My parents had an Australian cattle dog dropped off at their house when I was two years old, my mom didn't like him right off the bat. Intense look, rugged dog, she thought he looked wild. By the end of the day you thought he'd been born there. Needless to say it didn't take long for him to fit in. 
He was 2 when he got dropped off and had only seen, not worked, sheep. But it's all instinct, we just randomly used him to load a cow on a trailer one day to see what he could do. I'd never be without a cattle dog now, I also wouldn't own any other kind of dog. 
They ARE NOT for everyone, and not every dog is equal. My female, Athena, I have now took a much longer time to train than Zeus, our original male. But she is much more intense while moving cattle.
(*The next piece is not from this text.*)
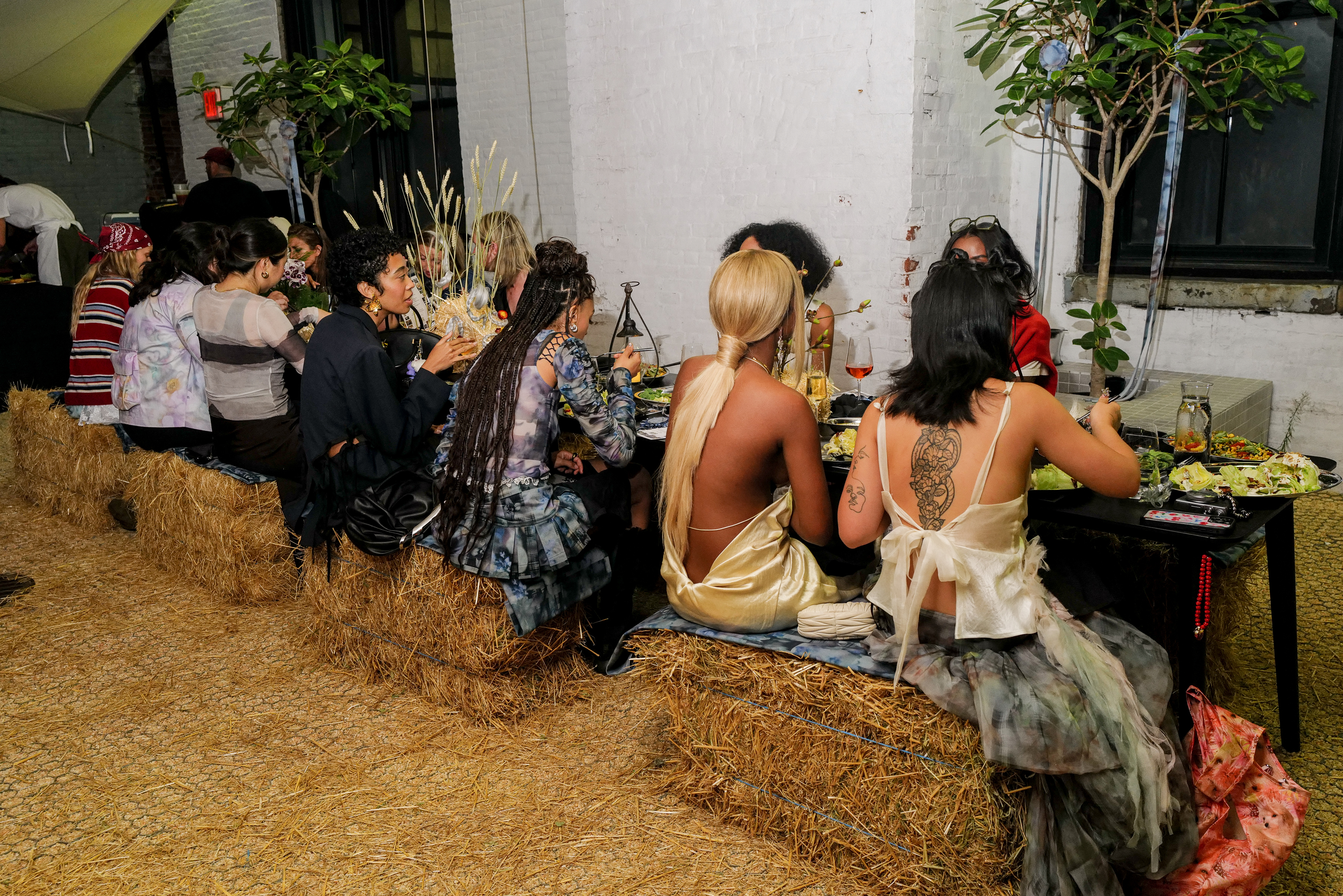 The vegan barbeque spread by Pierce Abernathy dinner was a true representation of both brands. Touchpoints throughout the venue included a custom hay bale set incorporating the shoes from the collection, brand logos and a miniature pony, leaning into Collina Strada’s “horse girl” iconography.

I never officially trained them, more like someone you learn to work around, they have instincts that you just can't change, sometimes for the better. 
She is going on 11 and is basically retired now, I've started looking for other dogs but it's tough. Both of my cattle dogs have been terrible with other dogs, and are extremely leary of strangers. But have been good with kids and people they know. They are a one dog, one person type of animal. Athena has been knocked out cold, cut, scraped and even lost a toe getting stepped on by a steer. But came back to finish the job on 3 legs. 
I wouldn't work cattle without a dog, but like you wouldn't move cattle with a stranger you need to know the dog.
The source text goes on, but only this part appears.